Pascal's law states that pressure exerted anywhere in a confined incompressible fluid is transmitted equally in all directions throughout the fluid.

#### Explanation:

Proof
Consider an infinitesimal element of fluid in the form of a triangular prism containing a point $P$ of interest as shown in the figure below.

Let the pressures ${P}_{x}$ along $x$ axis, ${P}_{y}$ along $y$ axis, and ${P}_{s}$ normal to any plane inclined at any angle $\theta$ to the horizontal at this point be acting as shown.

There can be no shearing forces for a fluid in equilibrium. As such the sum of the forces in any direction must be zero. The forces acting are due to the pressures on the surrounding and the gravity.

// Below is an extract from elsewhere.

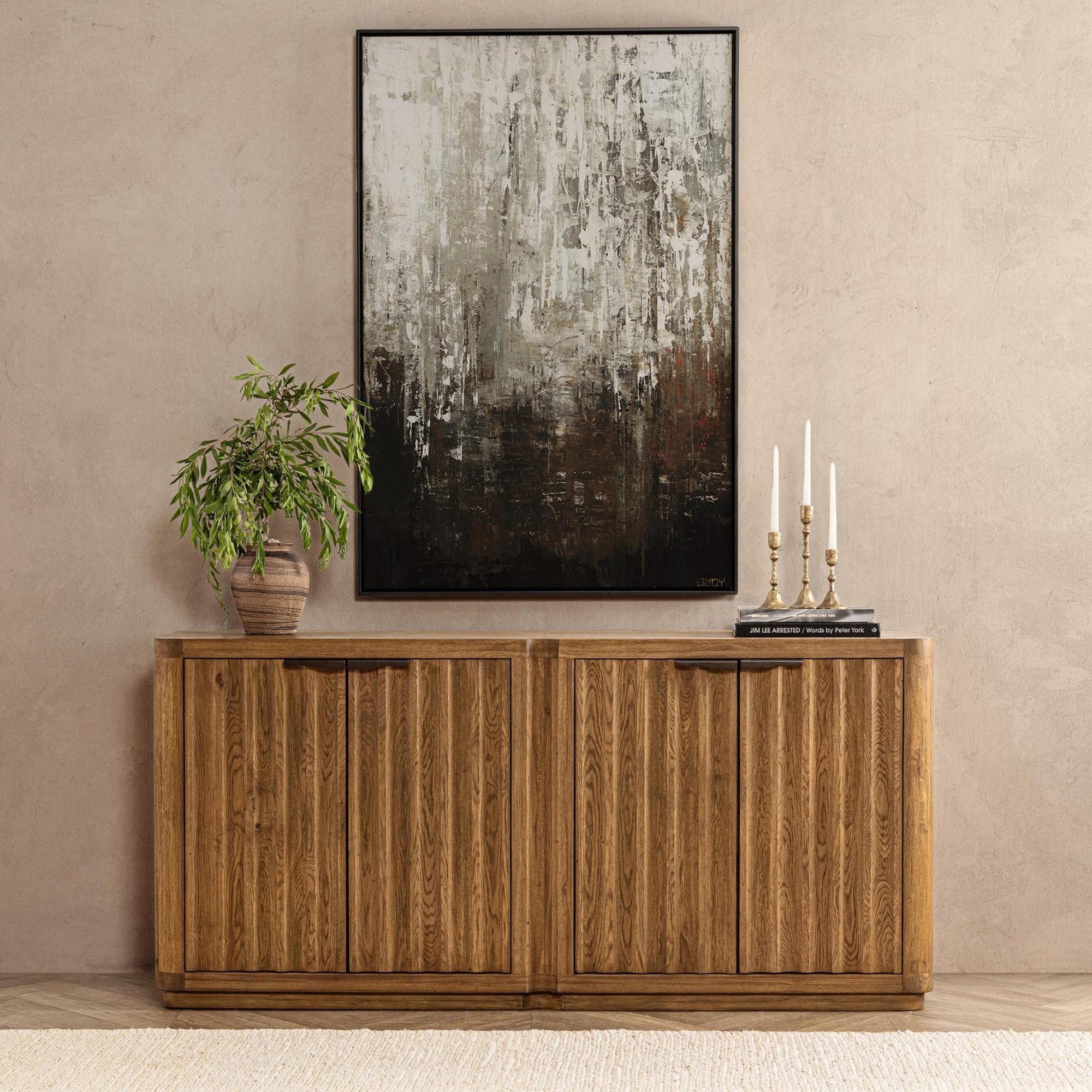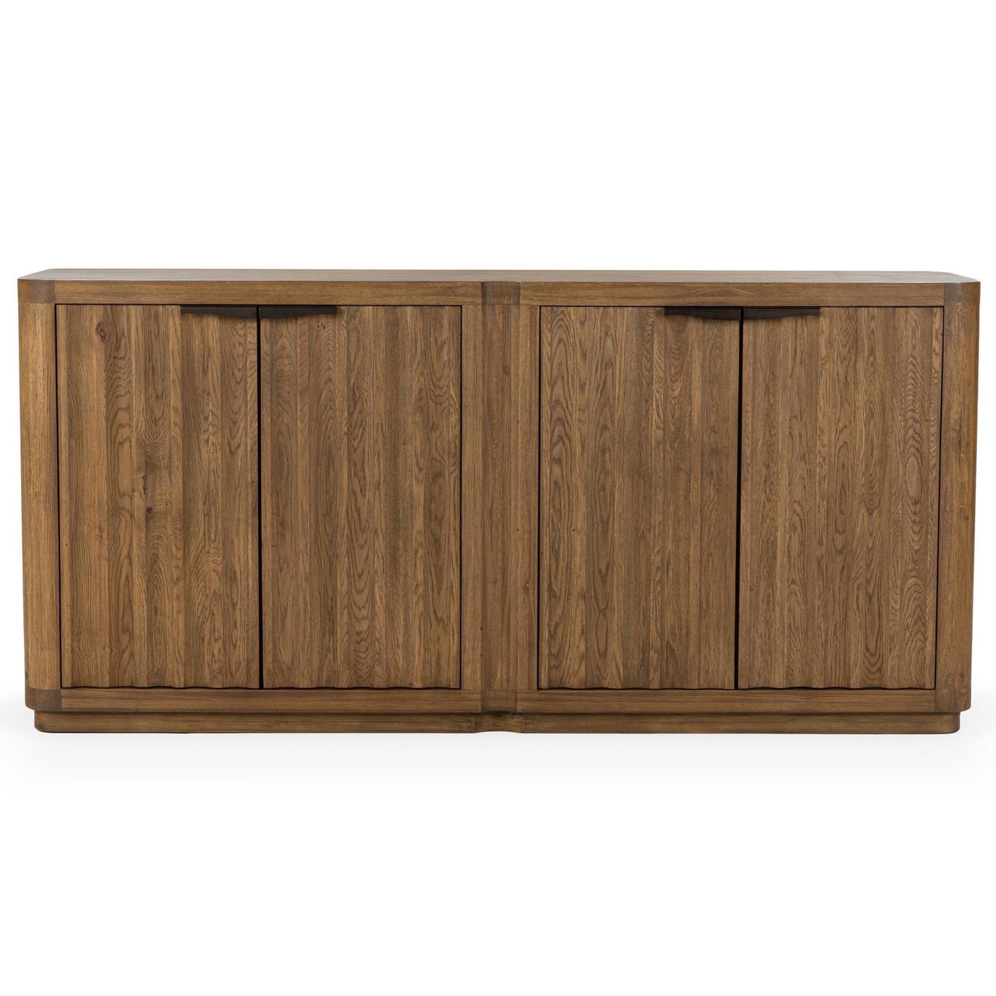 The Labelle 4 Door Buffet blends form and function in refined style. Crafted with oak veneer, this sideboard features clean lines and a vertical grain pattern that adds depth and warmth to any space. Four doors open to reveal removable shelves for flexible storage, while two discreet wire management holes support modern media setups. Perfect for dining areas, living rooms, or entryways, this buffet combines timeless design with practical versatility.

Knowing the definition of pressure and that $x \mathmr{and} y$ axes are orthogonal to each other, sum of forces in the $x$-direction is

${P}_{x} \times \delta y \times \delta z + \left(- {P}_{s} \times \delta z \times \delta s \sin \theta\right) = 0$
$\implies {P}_{x} \times \delta y \times \delta z - P s \times \delta s \times \delta z \times \frac{\delta y}{\delta s} = 0$
$\implies {P}_{x} \times \delta y \times \delta z - P s \times \delta z \times \delta y = 0$
$\implies {P}_{x} = {P}_{s}$ .....(1)

Sum of forces in the $y$-direction including weight of the fluid element is
${P}_{y} \times \delta x \times \delta z + \left(- {P}_{s} \times \delta z \times \delta s \cos \theta\right) + \left(- \text{specific gravity"xx "Volume} \times g\right) = 0$
$\implies {P}_{y} \times \delta x \times \delta z - {P}_{s} \times \delta z \times \delta s \frac{\delta x}{\delta s}$
$- \rho \times \frac{1}{2} \delta x \times \delta y \times \delta z \times g = 0$

Since $\delta x , \delta y \mathmr{and} \delta z$ are infinitesimal; therefore, the last term which is product of three infinitesimals can be ignored in comparison to first two terms which is product of two infinitesimals. We have
${P}_{y} \times \delta x \times \delta z - {P}_{s} \times \delta z \times \delta x = 0$
$\implies {P}_{y} = {P}_{s}$ .....(2)

From (1) and (2) we get
${P}_{x} = {P}_{y} = {P}_{s}$ .....(3)
By selecting orientation of coordinate system appropriately the above expression could be extended to include the $z$-axis.
$\therefore {P}_{x} = {P}_{y} = {P}_{z}$

In the limiting case the element can be considered a point so the derived expression indicates that pressure at any point is the same in all directions.